# staffy cross?



## C&M Cresties (Mar 10, 2008)

hey all,

me and my partner got what we beleaved and were told to be a staffordshire bull terrier back in september. since she grew bigger we started to wonder if she was a cross. ive managed to contact the bloke and hes adiment shes a full staff and the reason shes tall is because her dad was big. shes 9months old, 18 inches tall ang weighs 13.35kgs.

any ideas if she looks pure or cross, would be much appreciated thanks


----------



## Charlotte__ (Dec 26, 2010)

she does look quite like a cross, because staffs usually fill out more then that by that age, cant help with what she could be crossed with though sorry : victory:


----------



## snowdrop (Feb 5, 2011)

I'd say she is a cross, i would say she isn't well built enough to be a pure staffy, but you never know she could just be developing a little slower. Did you see both parents?


----------



## ralphsvivariums (Dec 15, 2009)

i have a blue staffy and he is very big, as in tall but he didn't fill out until he was a good year old he looked the same build as yours at that age, plus yours is a girl so she may just be a bit smaller, here is a pic of my boy now.


----------



## C&M Cresties (Mar 10, 2008)

didnt see the parents so wont be sure until shes older and stops growing. she did look just like a staff pup when we got her. my aunt said her staff was like that and they thought she was a whippet cross but then between a year and 18 months she stocked out. your blue staff is adorable, think my partner wants him lol


----------



## snowdrop (Feb 5, 2011)

BCmattFC said:


> didnt see the parents so wont be sure until shes older and stops growing. she did look just like a staff pup when we got her. my aunt said her staff was like that and they thought she was a whippet cross but then between a year and 18 months she stocked out. your blue staff is adorable, think my partner wants him lol


I wouldn't worry to much then, my rottie didn't look like a rottie when she was little until she started to fill out :2thumb: Although how come you didn't even see mum? (if you don't mind me asking).


----------



## C&M Cresties (Mar 10, 2008)

didnt buy her from the breeder. who i got her from already had 3 other dogs and couldnt cope with 3 dogs a pup and his 2 children. shes still amazing no matter how she turns out


----------



## snowdrop (Feb 5, 2011)

BCmattFC said:


> didnt buy her from the breeder. who i got her from already had 3 other dogs and couldnt cope with 3 dogs a pup and his 2 children. shes still amazing no matter how she turns out


Ow right, I thought you got her from a breeder :lol2:, but its a shame when a pups brought into a home then has to go somewhere else. I'm sure she'll be staying with you for the rest of her life though, no doubt about it 
She does look stunning by the way


----------



## Tds79 (Nov 6, 2010)

id say she is a cross her nose looks too long and she is leggy. She looks whippet/lurcher cross too me but could be wrong. She is lovely :flrt:


----------



## oldtyme (Mar 16, 2008)

that look like a bull/whippet (lurcher)


----------



## Carnuss (Feb 27, 2011)

oldtyme said:


> that look like a bull/whippet (lurcher)

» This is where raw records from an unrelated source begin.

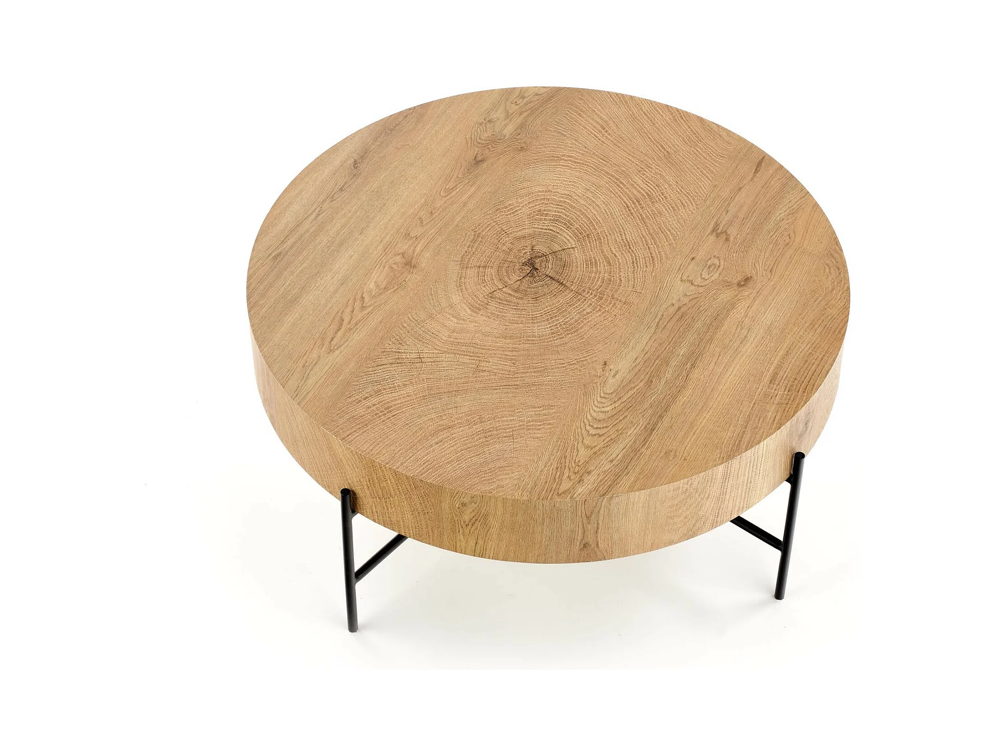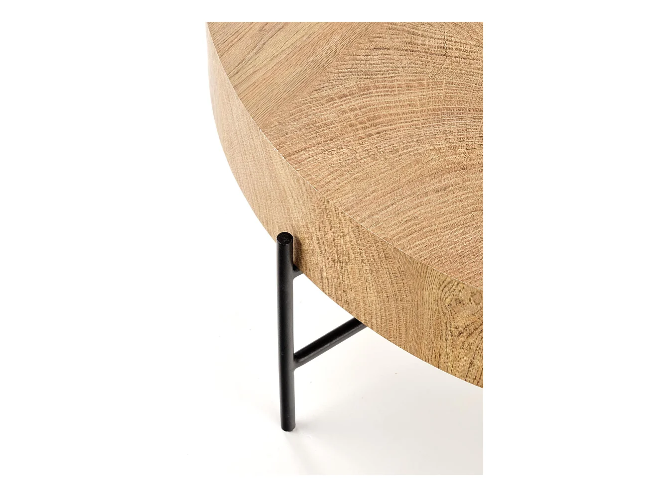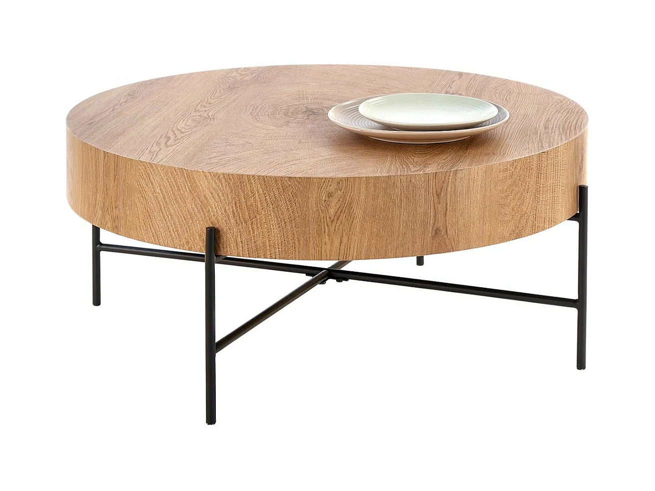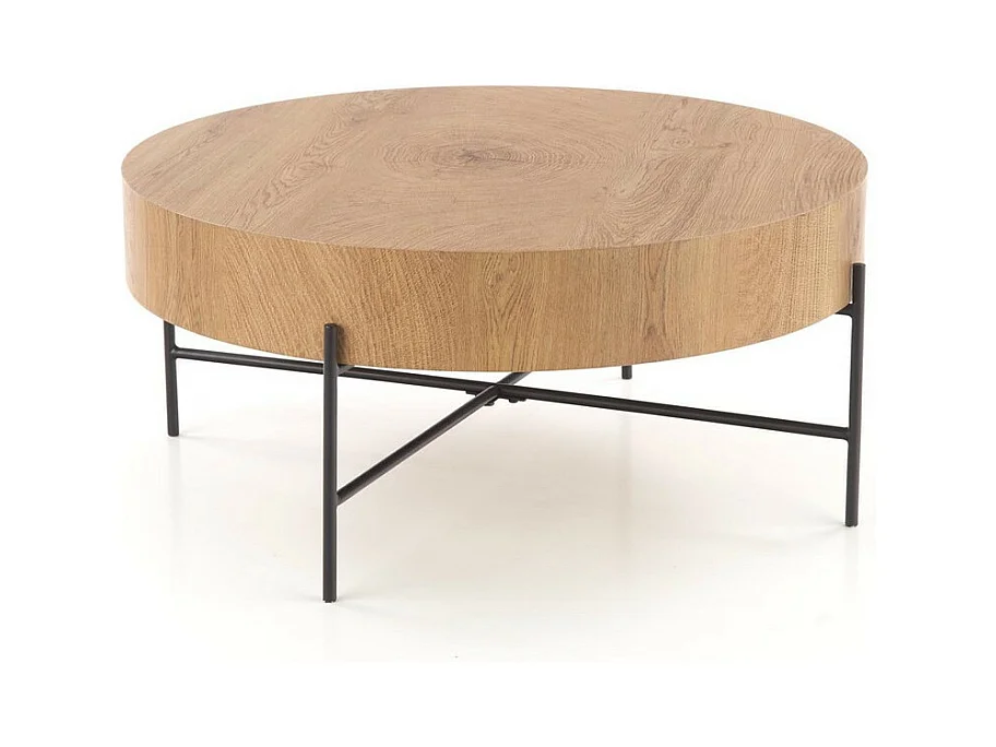Tavolino rotondo di 80 cm di diametro in rovere naturale con struttura in metallo nero TINIA L
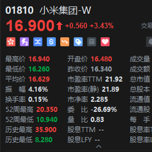 7月17日消息,港股小米集团涨超3%,报16.9港元,成交额6.38亿港元,总市值4219.69亿港元。
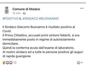 È risultato positivo al coronavirus il sindaco di Moiano Giacomo Buonanno. È quanto si apprende sul profilo Facebook dell’ente. Il primo cittadino sannita dopo i primi sintomi febbrili si era posto in autoisolamento. Dopo Antonio Calzone, sindaco di Reino, si tratta della seconda fascia tricolore sannita colpita dal virus
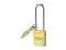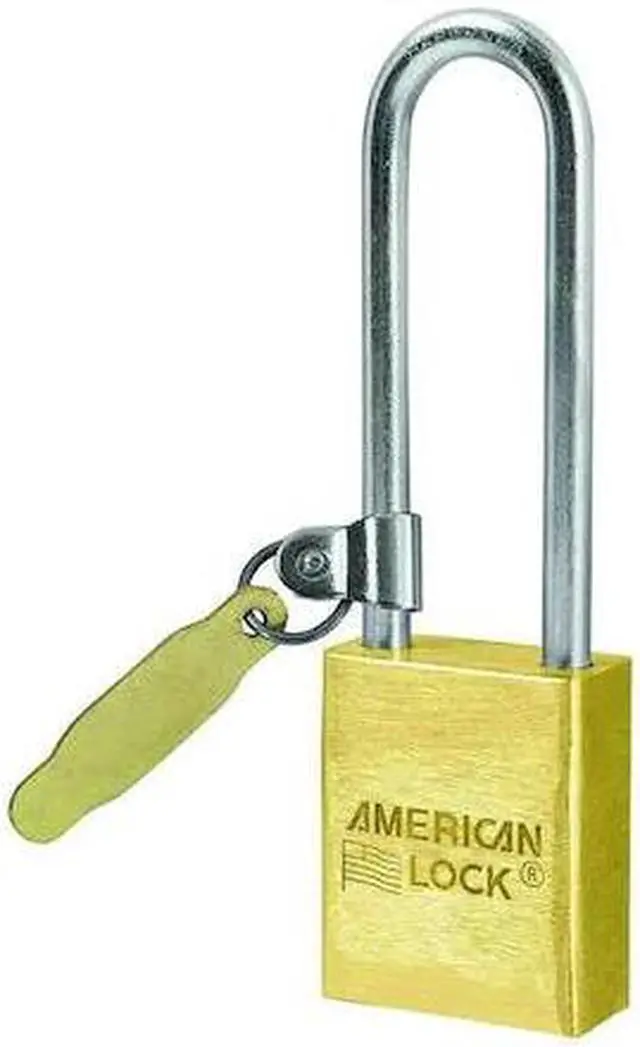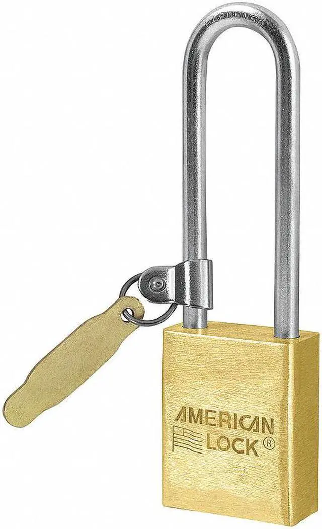 Padlock, Shackle Dia. 1/4 in, Shackle Height 3 in, Shackle Width 3/4 in, Shackle Material Boron, Body Height 1 13/16 in, Body Width 1 1/2 in, Body Thickness 3/4 in, Body Material Brass, Number of Bumpers 0, Number of Pins 5 Pin, Key Type Different, Control Key Registration Required No, Opens with Key No. 25314, Body Color Gold, Keyway Type American AK5, Weather Resistant Yes, High Security Yes, Interchangeable Core No, Padlock Body Shape Rectangular, Rekeyable No, Shackle Type Long Shackle.
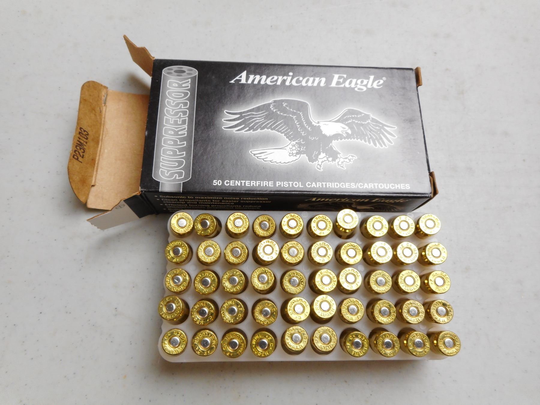 AMERICAN EAGLE 9MM LUGER AMMO , 50 RNDS 124 GRAIN FMJ SUBSONIC
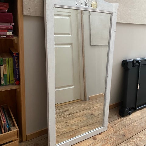 1säljer min fina väggspegel som är gjort av en äldre fönsterbåge. Lite shabby chic

A lurcher's half border collie, half greyhound. Anyway that dog looks cool, really nice colour, staffys are class, mongrels tend to have better immune systems too and less hereditary diseases.


----------



## miss_ferret (Feb 4, 2010)

id say a cross personally, she just dosent look 'bulkey' enough to me to be a staffy (if that makes sense :blush. she looks very similar to a bull greyhound i was admiring the other day : victory: but as others have said, it could just be that she hasnt filled out yet.

i like it on the fence, il stay here... :lol2:


----------



## snowdrop (Feb 5, 2011)

miss_ferret said:


> ii like it on the fence, il stay here... :lol2:


I know what you mean, we shall make a choice in a years time when we know if she's filled out or not :lol2:


----------



## marthaMoo (May 4, 2007)

oldtyme said:


> that look like a bull/whippet (lurcher)


Agreed, def some pointy in her (Bull lurcher)

She is beautifull! :flrt:


----------



## oldtyme (Mar 16, 2008)

Carnuss said:


> A lurcher's half border collie, half greyhound. Anyway that dog looks cool, really nice colour, staffys are class, mongrels tend to have better immune systems too and less hereditary diseases.


a lurcher can be lot of cross not just a half border collie, half greyhound.


----------



## Cockys Royals (Jun 28, 2008)

we have what we were sold a staff/ rottie cross hes now nearly 15 months old, he has height of a rottie and head & body of staff.


----------



## bricktop (Feb 2, 2010)

my boy looked like her,he was tall and thin,then he filled out (hes still filling out at the moment.
this is him when he was thin









this is him now


----------



## corny girl (Aug 30, 2009)

Carnuss said:


> A lurcher's half border collie, half greyhound. Anyway that dog looks cool, really nice colour, staffys are class, mongrels tend to have better immune systems too and less hereditary diseases.



A Lurcher is any Sighthound crossed with another breed (usually Collie or a Bedlington). A Long Dog is a cross between 2 Sight Hounds (so Greyhound x Whippet, Saluki x Greyhound, Greyhound x Deerhound etc...) :2thumb:.


----------



## gazz (Dec 9, 2006)

Looks like a Bull lurcher.


----------



## oldtyme (Mar 16, 2008)

gazz said:


> Looks like a Bull lurcher.


but gazz a bull lurcher dont exist on here


----------



## Kat91 (Sep 19, 2008)

Some staffies are lean our staffy is a lean boy









he's 50-52lbs and 5 years old so at 9 months your girl will still be filling out but to be 18 inches tall is rather odd for a female staffy big males usually barely get over 17inches and 35-40lbs


----------



## LisaLQ (Jan 29, 2009)

Carnuss said:


> A lurcher's half border collie, half greyhound. Anyway that dog looks cool, really nice colour, staffys are class, mongrels tend to have better immune systems too and less hereditary diseases.


Actually, that's not correct, on either count. 



corny girl said:


> A Lurcher is any Sighthound crossed with another breed (usually Collie or a Bedlington). A Long Dog is a cross between 2 Sight Hounds (so Greyhound x Whippet, Saluki x Greyhound, Greyhound x Deerhound etc...) :2thumb:.


That is though.

With regards mongrels being healthier, that's complete toss, sorry. If you breed from healthy animals to healthy animals, you are more likely to get healthy pets. Makes no difference what their pedigree says. Mixing up breeds just doubles their risks of breed related issues...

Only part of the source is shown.